File Photo: AI chip maker Nvidia collects videos from YouTube and other sources for AI training. Photo credit: Reuters
AI chipmaker Nvidia is collecting videos from YouTube and other sources for AI training, 404 Media reported. According to documents and chats reviewed by the media, employees at the company were asked to collect videos from Netflix, YouTube and other sources to build datasets for AI models for its Omniverse 3D world generator, self-driving car system and digital human products. The related project, named Cosmos, has not yet been made public, according to the report.
The conversations revealed that when employees asked about potential copyright issues, they were told that Nvidia was fully compliant with “the spirit of copyright law” and had permission from the highest levels of the company.

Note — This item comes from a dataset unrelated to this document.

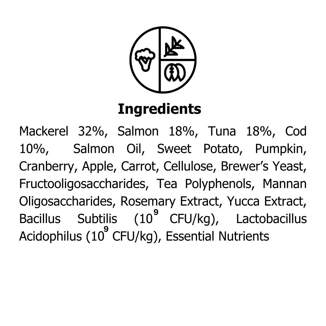 3) Holistic Health from the Sea: These powerful ingredients not only support strong muscles and a lustrous coat but also promote robust joint health, sharp cognitive function, and a resilient immune system.

Emails reviewed by the media showed project managers discussing using 20 to 30 Amazon Web Services virtual machines to download 80 years’ worth of video every day.
Apart from these, Nvidia also used a movie trailer database called MovieNet with an internal library of video game footage and GitHub video datasets, and InternVid-10M, which contains 10 million YouTube video IDs.
(For the day’s top tech news, subscribe to our tech newsletter, Today’s Cache)
Earlier in April, YouTube CEO Neil Mohan said scraping data from YouTube to train AI models was a “clear violation” of the company’s terms.